WHAT YOU ARE ASKED TO DO: Your output should be exactly the lines from the one containing "O produto é" through the last line of the listing, and nothing else. Pictures stay out.

PROVIDED RECORDS:
====

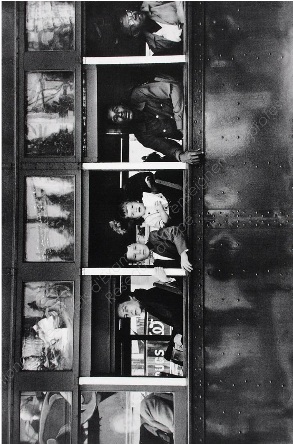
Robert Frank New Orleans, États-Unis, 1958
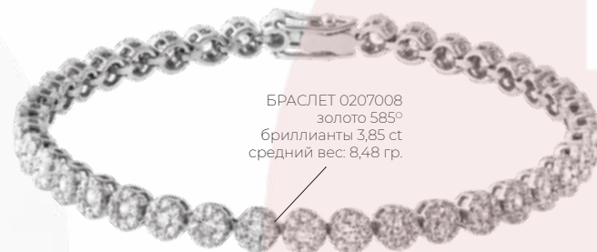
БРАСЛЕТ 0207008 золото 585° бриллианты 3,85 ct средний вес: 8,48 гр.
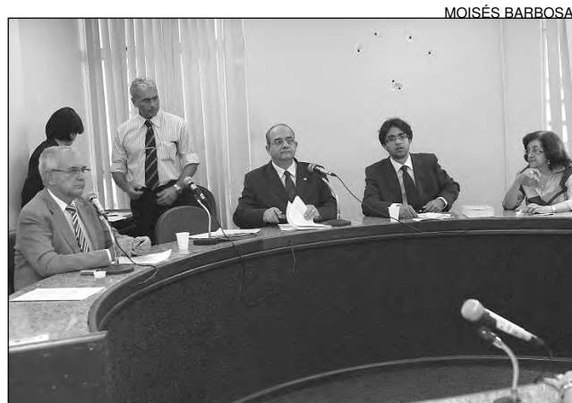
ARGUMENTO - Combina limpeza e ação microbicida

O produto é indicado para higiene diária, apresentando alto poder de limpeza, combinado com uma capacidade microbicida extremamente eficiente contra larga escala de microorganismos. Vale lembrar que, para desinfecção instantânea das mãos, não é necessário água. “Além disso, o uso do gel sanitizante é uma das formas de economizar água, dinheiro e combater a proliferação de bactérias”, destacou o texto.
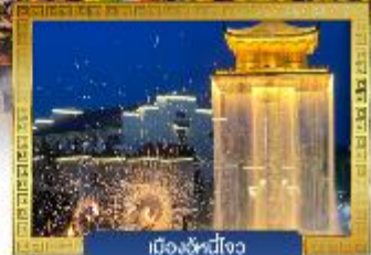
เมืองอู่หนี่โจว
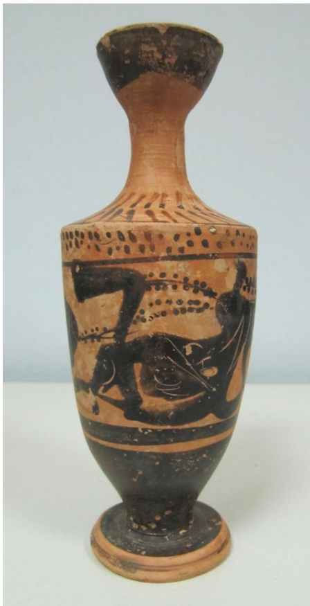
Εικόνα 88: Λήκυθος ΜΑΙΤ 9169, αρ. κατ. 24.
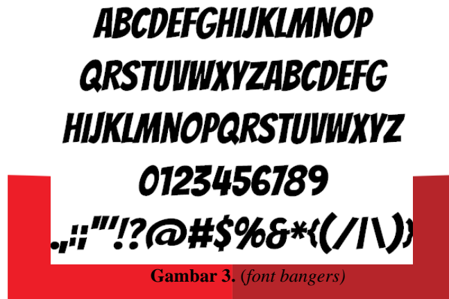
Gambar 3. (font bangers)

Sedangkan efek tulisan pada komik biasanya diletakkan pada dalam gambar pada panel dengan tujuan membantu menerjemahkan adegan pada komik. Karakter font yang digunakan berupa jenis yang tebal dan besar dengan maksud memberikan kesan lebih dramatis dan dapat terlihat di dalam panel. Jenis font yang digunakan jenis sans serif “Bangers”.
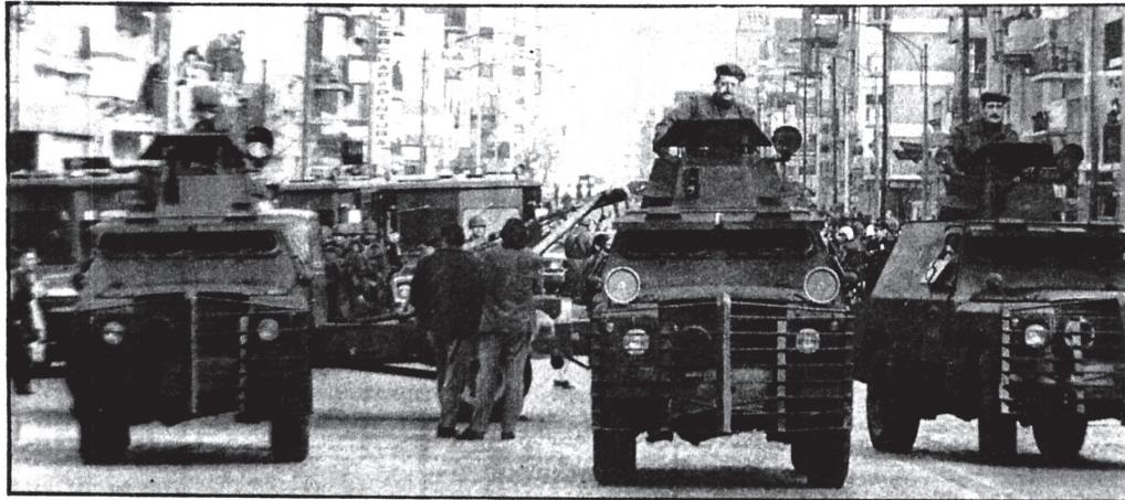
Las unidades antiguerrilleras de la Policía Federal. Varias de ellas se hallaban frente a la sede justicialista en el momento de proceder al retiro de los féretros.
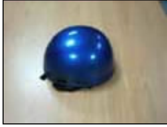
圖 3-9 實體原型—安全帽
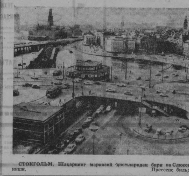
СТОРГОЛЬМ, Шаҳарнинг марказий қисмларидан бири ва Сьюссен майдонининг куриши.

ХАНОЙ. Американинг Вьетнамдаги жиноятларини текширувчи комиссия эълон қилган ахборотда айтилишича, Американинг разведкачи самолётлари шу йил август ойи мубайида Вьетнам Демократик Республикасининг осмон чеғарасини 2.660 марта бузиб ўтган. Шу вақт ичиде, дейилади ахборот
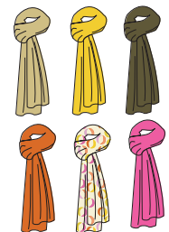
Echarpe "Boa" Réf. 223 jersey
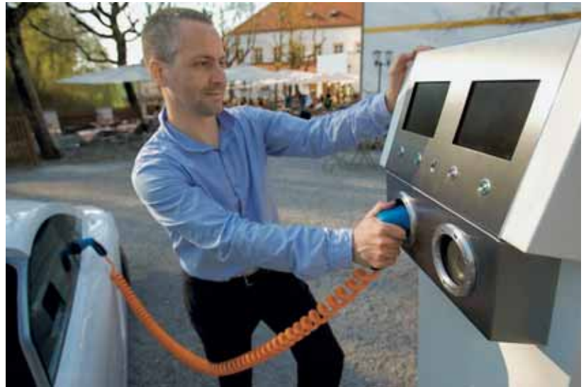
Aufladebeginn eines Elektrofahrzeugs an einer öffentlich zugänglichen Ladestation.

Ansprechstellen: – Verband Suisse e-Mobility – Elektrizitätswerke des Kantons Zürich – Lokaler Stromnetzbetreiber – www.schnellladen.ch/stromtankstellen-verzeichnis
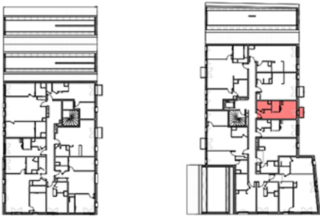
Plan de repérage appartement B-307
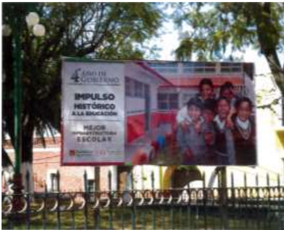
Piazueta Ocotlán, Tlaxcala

====

ANSWER FOR THE TASK:
O produto é indicado para higiene diária, apresentando alto poder de limpeza, combinado com uma capacidade microbicida extremamente eficiente contra larga escala de microorganismos. Vale lembrar que, para desinfecção instantânea das mãos, não é necessário água. “Além disso, o uso do gel sanitizante é uma das formas de economizar água, dinheiro e combater a proliferação de bactérias”, destacou o texto.
เมืองอู่หนี่โจว
Εικόνα 88: Λήκυθος ΜΑΙΤ 9169, αρ. κατ. 24.
Gambar 3. (font bangers)

Sedangkan efek tulisan pada komik biasanya diletakkan pada dalam gambar pada panel dengan tujuan membantu menerjemahkan adegan pada komik. Karakter font yang digunakan berupa jenis yang tebal dan besar dengan maksud memberikan kesan lebih dramatis dan dapat terlihat di dalam panel. Jenis font yang digunakan jenis sans serif “Bangers”.
Las unidades antiguerrilleras de la Policía Federal. Varias de ellas se hallaban frente a la sede justicialista en el momento de proceder al retiro de los féretros.
圖 3-9 實體原型—安全帽
СТОРГОЛЬМ, Шаҳарнинг марказий қисмларидан бири ва Сьюссен майдонининг куриши.

ХАНОЙ. Американинг Вьетнамдаги жиноятларини текширувчи комиссия эълон қилган ахборотда айтилишича, Американинг разведкачи самолётлари шу йил август ойи мубайида Вьетнам Демократик Республикасининг осмон чеғарасини 2.660 марта бузиб ўтган. Шу вақт ичиде, дейилади ахборот
Echarpe "Boa" Réf. 223 jersey
Aufladebeginn eines Elektrofahrzeugs an einer öffentlich zugänglichen Ladestation.

Ansprechstellen: – Verband Suisse e-Mobility – Elektrizitätswerke des Kantons Zürich – Lokaler Stromnetzbetreiber – www.schnellladen.ch/stromtankstellen-verzeichnis
Plan de repérage appartement B-307
Piazueta Ocotlán, Tlaxcala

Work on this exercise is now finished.